Now he worries that the Agriculture Department’s proposed "National Leafy Greens Marketing Agreement" is really a P.R. move to help big farms to win back market share.

(Knafel) "Because the ‘buy local’ thing is, you go up and you shake your farmer’s hand, there’s a trust that’s built there. Where if your farmer is 20 farms all sending to a packing facility 2,000 miles away, you don’t know those people."

(Keese) The Northeast Organic Farming Association of Vermont, or NOFA, and its national parent group are taking a similar stand.

NOFA-VT spokesman Dave Rogers says the recent outbreaks have mainly come from pre-washed, packaged salad mixes produced by very large farms, sometimes multiple farms, out west.

(Rogers) "So we’re concerned that whatever standards they come up with are not going to give proper consideration to organic standards and the needs of small growers."

(Keese) And the needs are different. Standards already in place in western states — like banning composted manure or keeping fields sterile and uniform — are directly opposed to organic practices.

Congress did pass a new food safety act this year. Rogers says NOFA, the organic group, worked hard with Congress and the FDA, to win exceptions, and a voice for small and organic farms.

The proposed Leafy Green Marketing Agreement is the effort of another federal agency — the U.S.D.A.’s agricultural marketing service. Bob Keeney is the agency’s deputy director.
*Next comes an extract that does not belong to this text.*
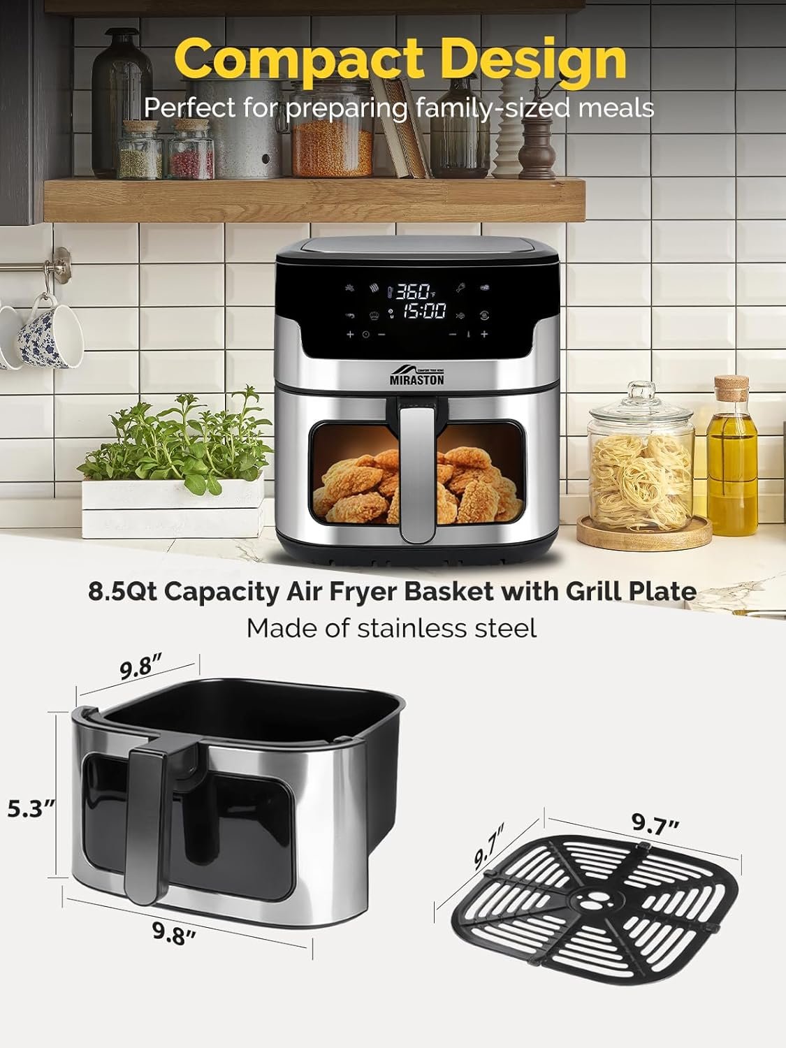 - Large 8.5QT family-size capacity that perfectly cooks meals for 5-6 people

(Keeney) "After the spinach incident several years ago the leafy green industry from throughout the country, submitted a proposal to us that required handlers to only source from growers who had implemented good agricultural practices."

(Keese) Keeney says many of the details have yet to be worked out, but the program if adopted, would be voluntary.

The proposal is on the USDA website, and the agency will be taking comments and suggestions through the end of July.

For VPR News, I’m Susan Keese in Manchester.